§ What is expected:
With the pictures left out, retype exactly the lines below starting at the line that contains "- Built-in Features, Ceiling" and ending at the line that contains "当前位置: 91家纺网 >".

§ Records provided:

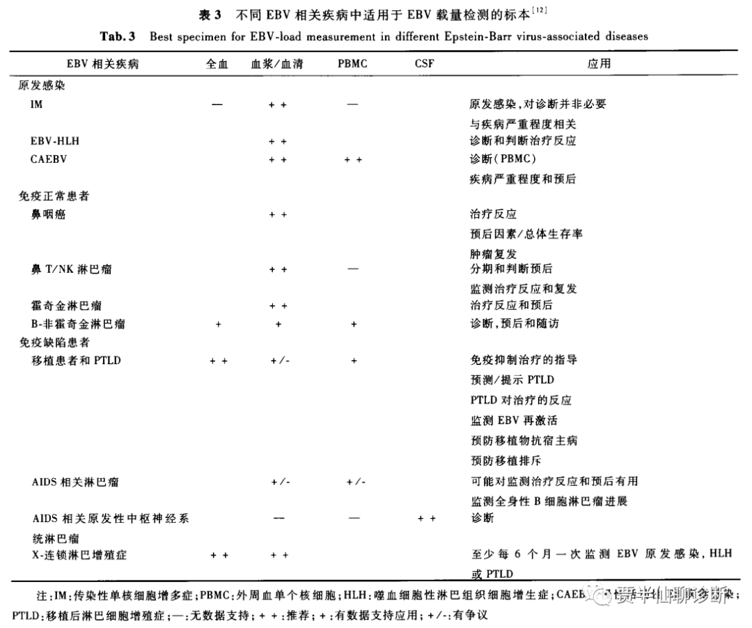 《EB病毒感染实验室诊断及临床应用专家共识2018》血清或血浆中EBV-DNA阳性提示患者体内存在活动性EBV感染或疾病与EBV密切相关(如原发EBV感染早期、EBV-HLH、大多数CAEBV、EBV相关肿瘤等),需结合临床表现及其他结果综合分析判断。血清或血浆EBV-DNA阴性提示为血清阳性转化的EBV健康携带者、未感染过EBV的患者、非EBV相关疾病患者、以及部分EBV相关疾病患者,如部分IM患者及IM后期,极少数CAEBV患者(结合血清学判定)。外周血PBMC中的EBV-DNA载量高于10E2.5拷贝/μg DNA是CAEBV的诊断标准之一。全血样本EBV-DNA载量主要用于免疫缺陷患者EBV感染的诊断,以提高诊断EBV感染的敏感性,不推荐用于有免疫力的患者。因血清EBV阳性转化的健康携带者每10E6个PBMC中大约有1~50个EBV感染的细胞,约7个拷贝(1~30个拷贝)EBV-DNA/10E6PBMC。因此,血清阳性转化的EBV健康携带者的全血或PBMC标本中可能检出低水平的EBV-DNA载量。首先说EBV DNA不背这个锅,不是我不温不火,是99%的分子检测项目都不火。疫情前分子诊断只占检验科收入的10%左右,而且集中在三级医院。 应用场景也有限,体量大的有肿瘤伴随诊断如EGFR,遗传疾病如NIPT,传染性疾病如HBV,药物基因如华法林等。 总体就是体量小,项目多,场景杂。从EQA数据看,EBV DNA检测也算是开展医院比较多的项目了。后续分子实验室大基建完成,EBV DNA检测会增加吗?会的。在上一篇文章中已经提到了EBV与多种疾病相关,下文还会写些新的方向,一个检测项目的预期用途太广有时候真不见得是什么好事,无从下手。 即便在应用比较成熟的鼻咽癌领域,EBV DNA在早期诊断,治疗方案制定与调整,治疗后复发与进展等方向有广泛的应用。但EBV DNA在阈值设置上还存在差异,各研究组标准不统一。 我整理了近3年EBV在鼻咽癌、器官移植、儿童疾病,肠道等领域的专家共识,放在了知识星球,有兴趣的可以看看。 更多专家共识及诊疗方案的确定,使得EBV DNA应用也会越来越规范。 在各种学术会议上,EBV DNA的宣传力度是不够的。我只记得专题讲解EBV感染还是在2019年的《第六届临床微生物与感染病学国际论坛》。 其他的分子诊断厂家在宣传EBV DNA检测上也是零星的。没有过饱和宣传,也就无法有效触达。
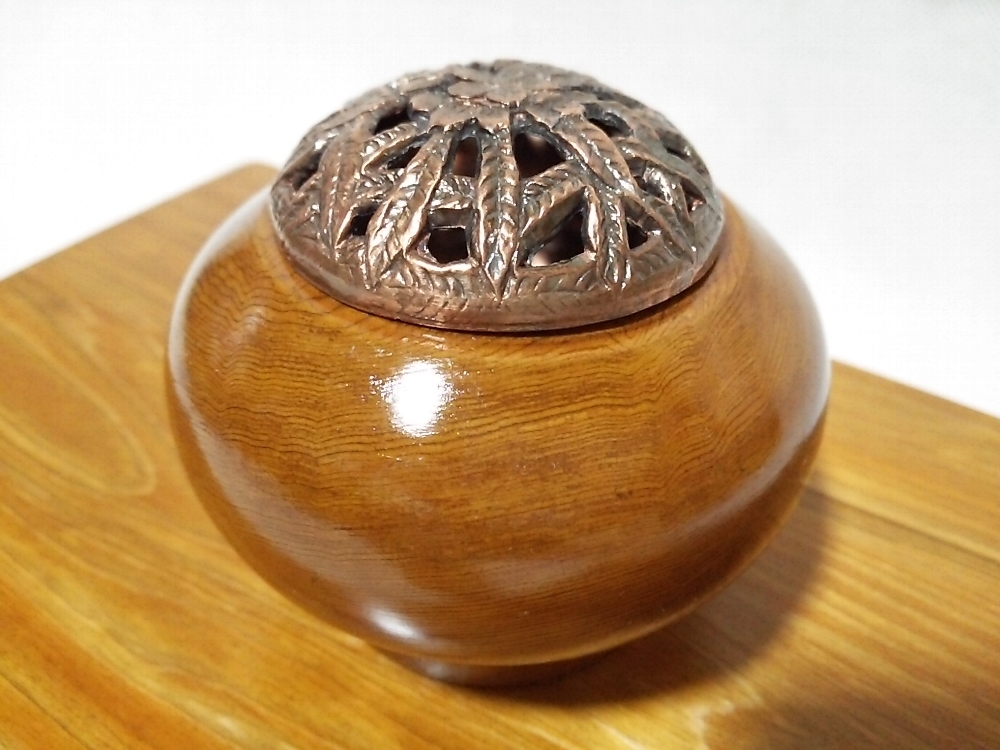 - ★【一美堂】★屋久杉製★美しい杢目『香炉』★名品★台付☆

==

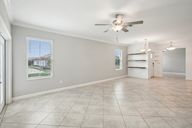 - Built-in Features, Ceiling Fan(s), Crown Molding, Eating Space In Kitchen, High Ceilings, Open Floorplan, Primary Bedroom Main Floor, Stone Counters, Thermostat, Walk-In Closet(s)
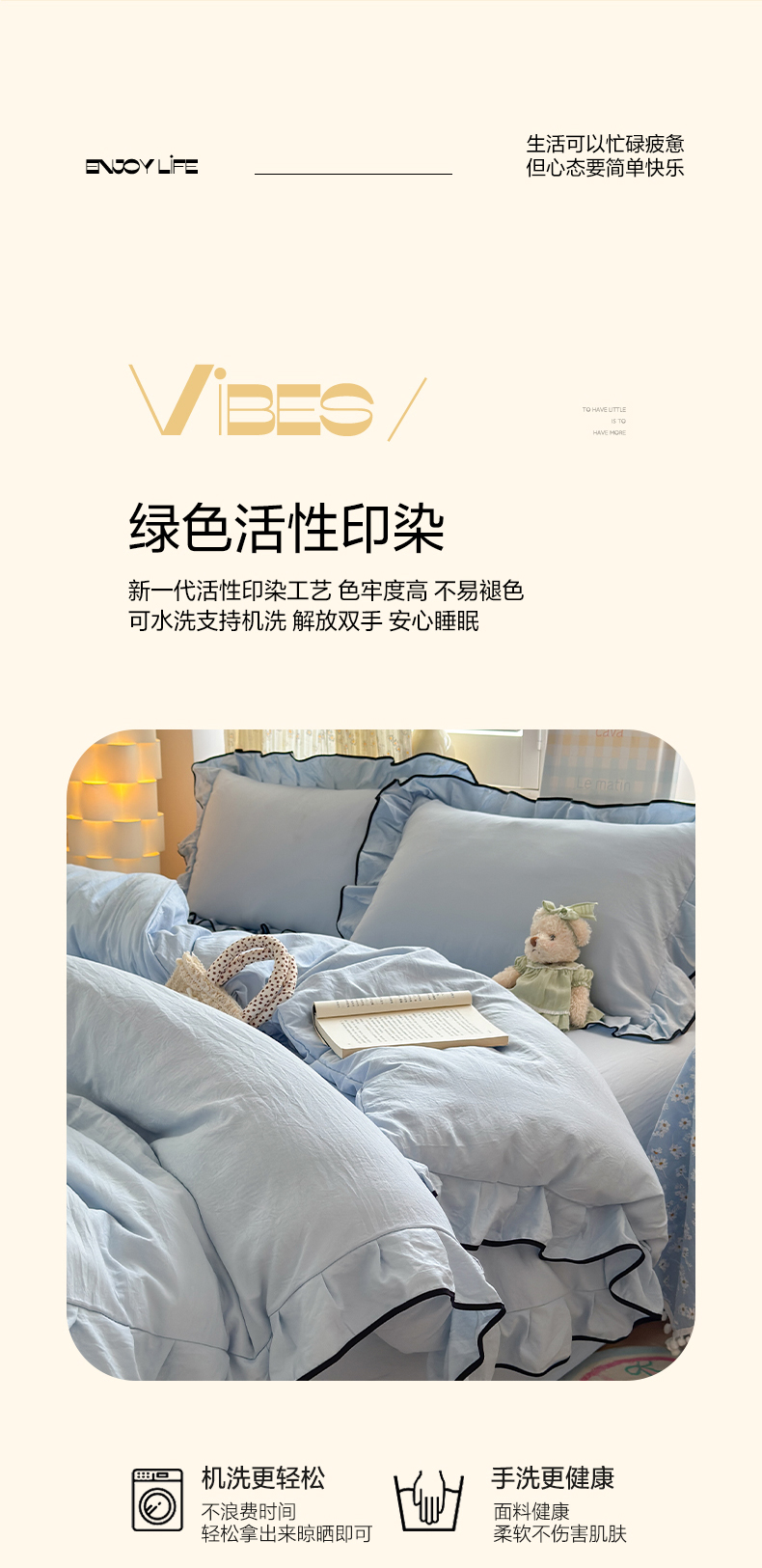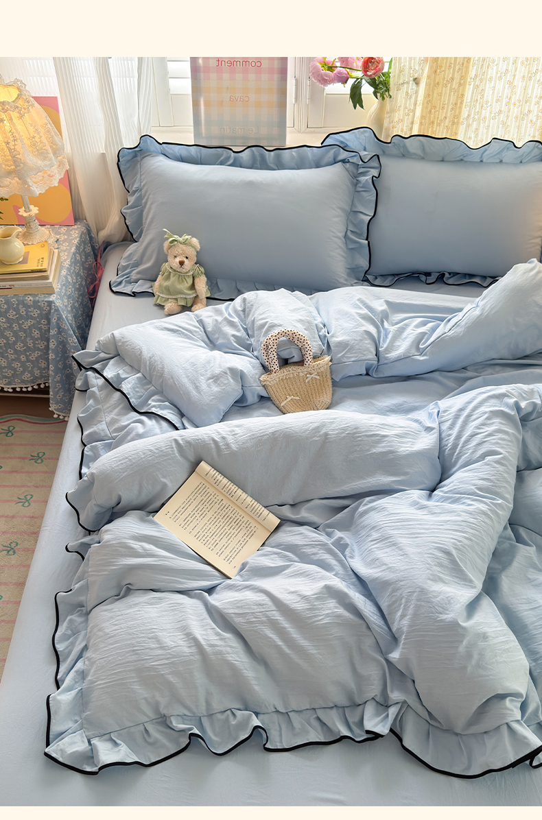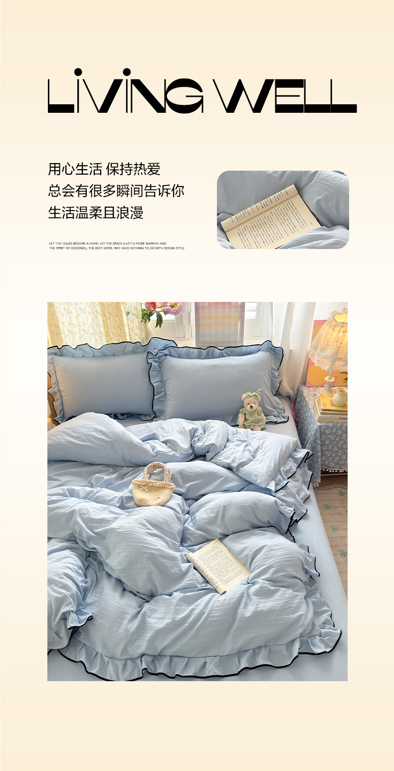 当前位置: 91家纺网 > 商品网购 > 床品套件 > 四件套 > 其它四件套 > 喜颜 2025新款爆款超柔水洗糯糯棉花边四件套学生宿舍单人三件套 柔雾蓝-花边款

§ Solution:
 - Built-in Features, Ceiling Fan(s), Crown Molding, Eating Space In Kitchen, High Ceilings, Open Floorplan, Primary Bedroom Main Floor, Stone Counters, Thermostat, Walk-In Closet(s)
 当前位置: 91家纺网 > 商品网购 > 床品套件 > 四件套 > 其它四件套 > 喜颜 2025新款爆款超柔水洗糯糯棉花边四件套学生宿舍单人三件套 柔雾蓝-花边款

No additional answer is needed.